Я только сглотнула. Ни хрена себе разнарядочки! «Организуйте мне полсотни зэков, один труп. Для успешной PR-кампании…»
Ту первую неделю я в мучительном забытьи уплывала в какие-то мутные призрачные дали. Меня уже почти не было. Была одна темнота. «Рысь, подай мне признак жизни…» Шевелиться было пыткой. «Отче наш…» Это единственное, чем я спасалась, просыпаясь среди ночи от колотящего озноба. Стоило начать читать молитву — и меня обдавало жаркой волной. И наконец-то отступал могильный холод…

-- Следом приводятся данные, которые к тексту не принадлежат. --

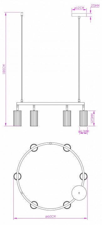 Основная форма светильника (Для подвесных люстр, потолочных люстр и подвесных светильников): Несколько плафонов
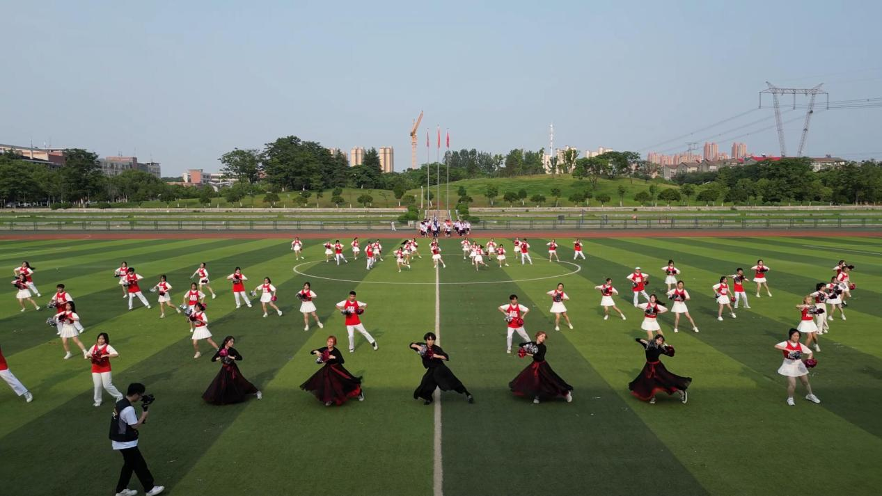 表演行至尾声,队伍首尾处四条“龙”向队伍中飞奔而来,伴随音乐的节奏,龙型飘带在空中飞舞,时而庄严威武,时而轻松活泼,彰显着管院青年学子汹涌澎湃的民族自豪感和自信心。随鼓声响起,管院学子有序退出场地。

Потом я стала нормально пить воду — и превратилась в чертика из табакерки. Мгновенно последовала вспышка энергии. Обновленный организм ликовал. Кровь стремительно понеслась по жилам, сердце готово было выскочить из груди. Обычно у меня низкое давление. Было. Больше этого нет. Это я себе поправила. На халяву. На момент окончания голодовки я весила 44 килограмма. Чувствовала себя вдвое моложе своих надвигающихся тридцати. Я никогда в жизни не была такой восхитительно молодой. Блеск…
И я вдруг поняла, что начала по-другому смотреть на все. Просто только теперь стала видеть. И замечать то, что раньше было скрыто от глаз. Я вся превратилась в зрение, я чувствовала мир вокруг даже кожей. Я как будто алчно заглянула жизни за подкладку. И обнаружила там массу прорех. И не преминула этим воспользоваться. Мы каждый день гуляли под присмотром «товарищей». Стащить на прогулке с прилавка книжку, а потом по мелочи «обнести» весь рынок у метро — я проделывала это вдохновенно и виртуозно. Лаки для ногтей, кремы, носки, белье, очки, косынки… Я победно притаскивала в Бункер с прогулки ворох трофеев. Заставляя «сокамерников» тихо обалдевать. Обычно на волне голодного прозрения я пишу стихи. А тут вдруг разыгралась чудовищная клептомания. Охотничий инстинкт…
Когда наша бригада «коматозников» выползала на свет Божий, люди от нас шарахались, принимая за сектантов. Вид был уже совершенно потусторонний. Я придумала нам название и лозунг:
«Добровольно-принудительная суицидально-оздоровительная организованная преступная группировка «ГЛАД — ВТОРОЙ ВСАДНИК АПОКАЛИПСИСА». Лечим булимию анорексией…»
Не так уж весело там было. Под конец мне уже казалось, что по углам нашей комнаты сгущается мрак и висят черные лохмотья кошмара…
Голодовка тем временем зашла в тупик. Эффекта — ноль. «Надо спасать положение. Нужно провести громкую акцию, например, приковаться к воротам на Красной площади…» — подсунул мне записку один «невменяемый». Вслух такое не обсуждалось. Был вежливо послан: «В посадочных акциях не участвую». Как Вицин в фильме: «Статья 213, «хулиганство», от двух до пяти… Не пойдет!» Я нажаловалась охраннику руководства. Тот — руководству. Оказалось, эта идея была — абсолютная самодеятельность. Наверху ее не одобрили. Но черные тучи раздумий, как же спасать провальную голодовку, сгущались над нашими головами. Я понимала: надо валить отсюда, пока меня не посадили рядом с теми, кого мы пытаемся вызволить из тюрьмы. Только это они и умеют. Сажать…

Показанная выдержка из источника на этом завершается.